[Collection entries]
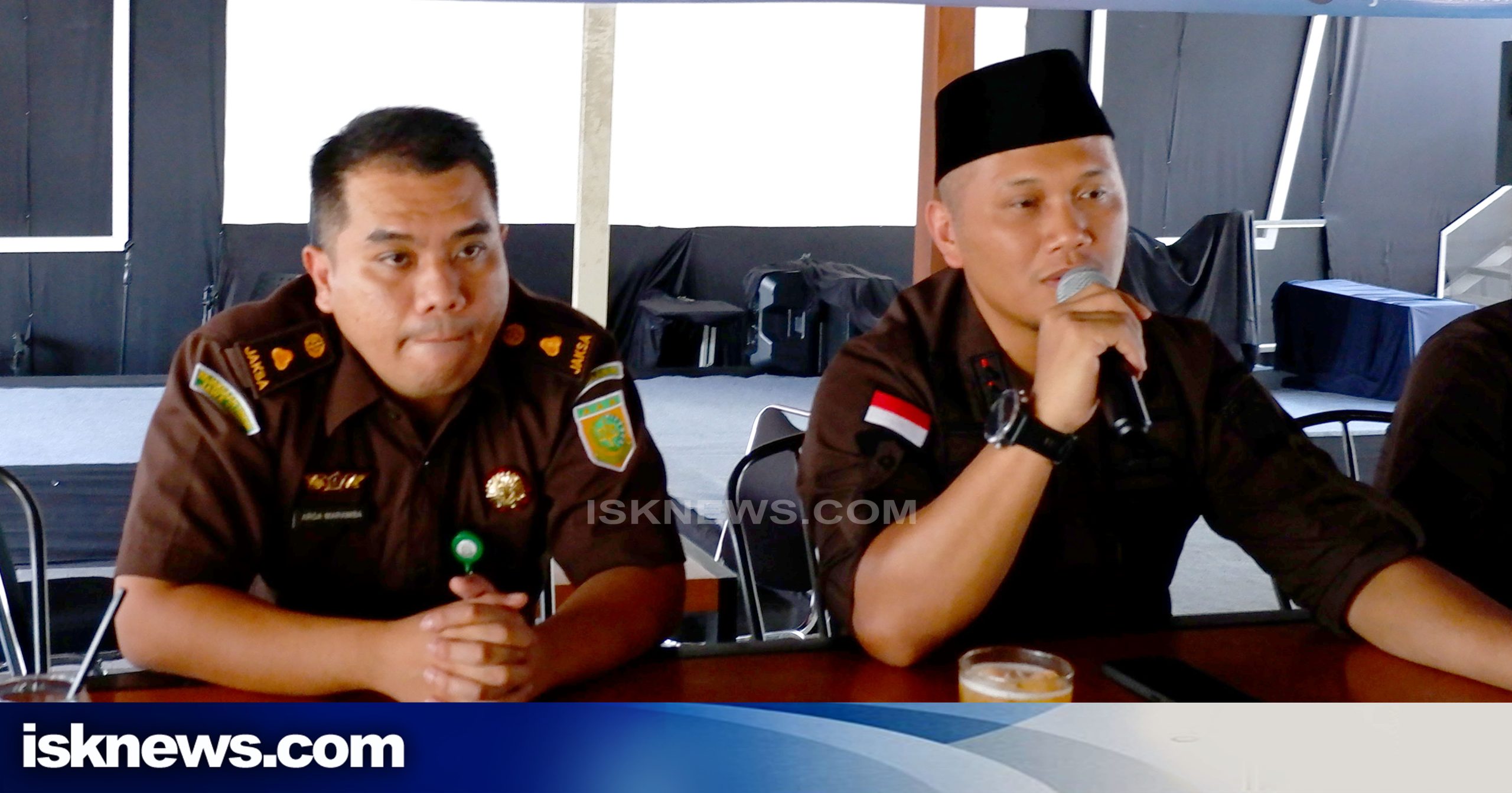 Kepala Kejari Kudus, Henriyadi W Putro (kanan) dan Kasi Intel Arga Maramba saat jumpa awak media PWI dan IJTI beberapa waktu lalu (Foto: YM)
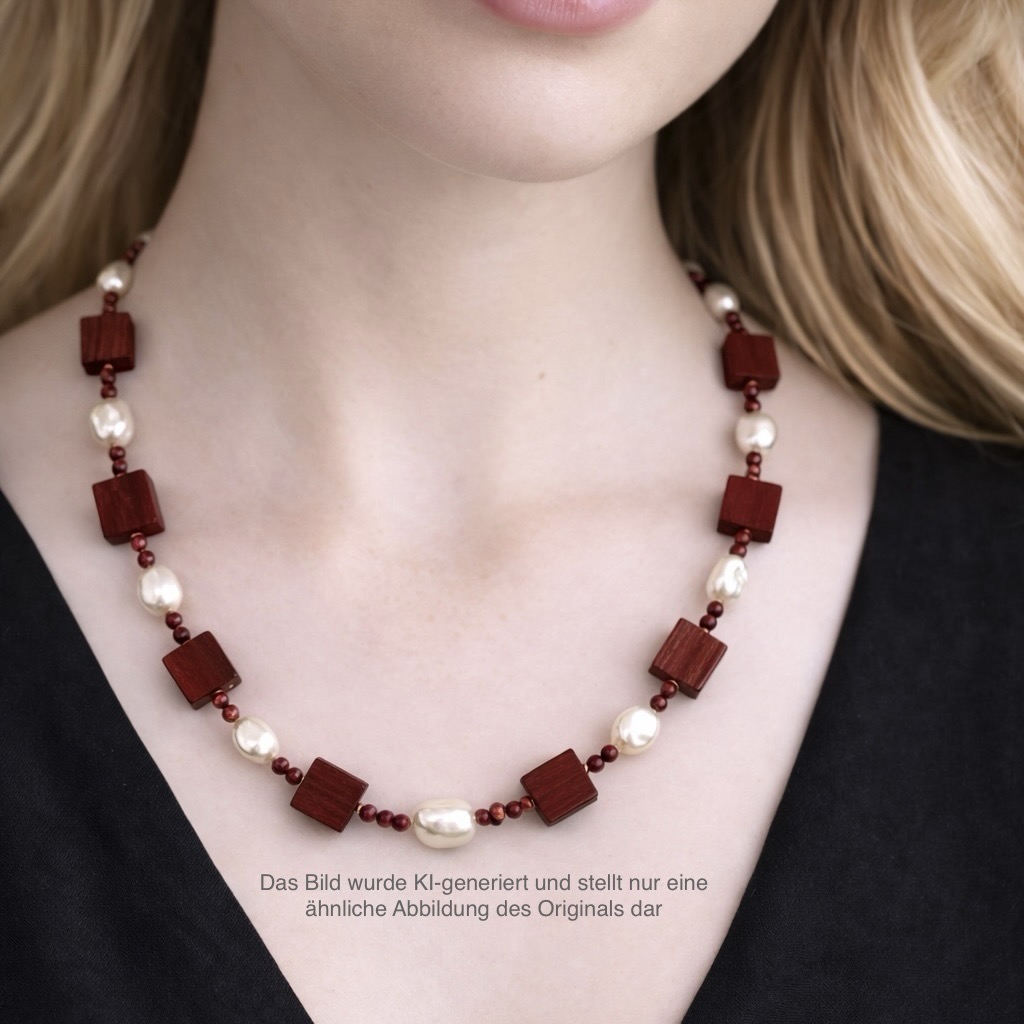 Diese handgefertigte Würfelkette verbindet die natürliche Schönheit von Amaranthholz mit dem sanften Schimmer echter Süßwasserperlen. Das Zusammenspiel der warmen Holzfarbe und der edlen Perlen schafft ein harmonisches Schmuckstück, das zeitlose Eleganz und natürliche Materialien vereint.
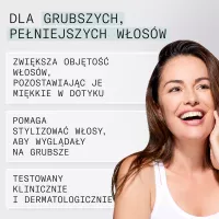 - Natychmiast zwiększa objętość włosów – widocznie pogrubia i unosi pasma już po pierwszym użyciu.
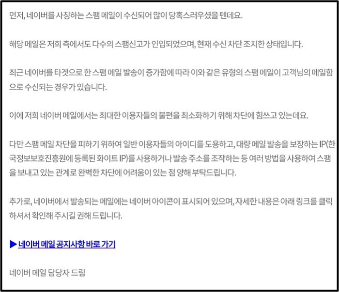 네이버 역시 공식적으로 보내는 메일 주소는 @help.naver.com 형식을 갖추며 공식 아이콘이 메일 옆에 뜬다고 밝혔다.
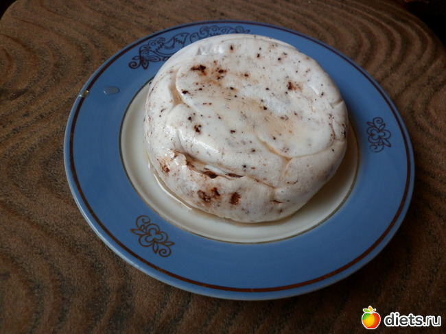 есть только хорошо охлажденным!!! у меня небыло шоколада и я сыпанула немного "Несквика"по вкусу напоминает суфле"Рузанна в шоколаде"или конфеты "птичье молоко"по каллорийности из расчета 70гр-белок и сахар и 50гр молочный шоколад все потянуло на 575кк.

• **WORK INSTRUCTION**:
Transcribe the lines above exactly, beginning at the one with "Diese handgefertigte Würfelkette" and ending at the one with "- Natychmiast zwiększa". Include both; exclude the pictures.

• **YOUR RESPONSE**:
 Diese handgefertigte Würfelkette verbindet die natürliche Schönheit von Amaranthholz mit dem sanften Schimmer echter Süßwasserperlen. Das Zusammenspiel der warmen Holzfarbe und der edlen Perlen schafft ein harmonisches Schmuckstück, das zeitlose Eleganz und natürliche Materialien vereint.
 - Natychmiast zwiększa objętość włosów – widocznie pogrubia i unosi pasma już po pierwszym użyciu.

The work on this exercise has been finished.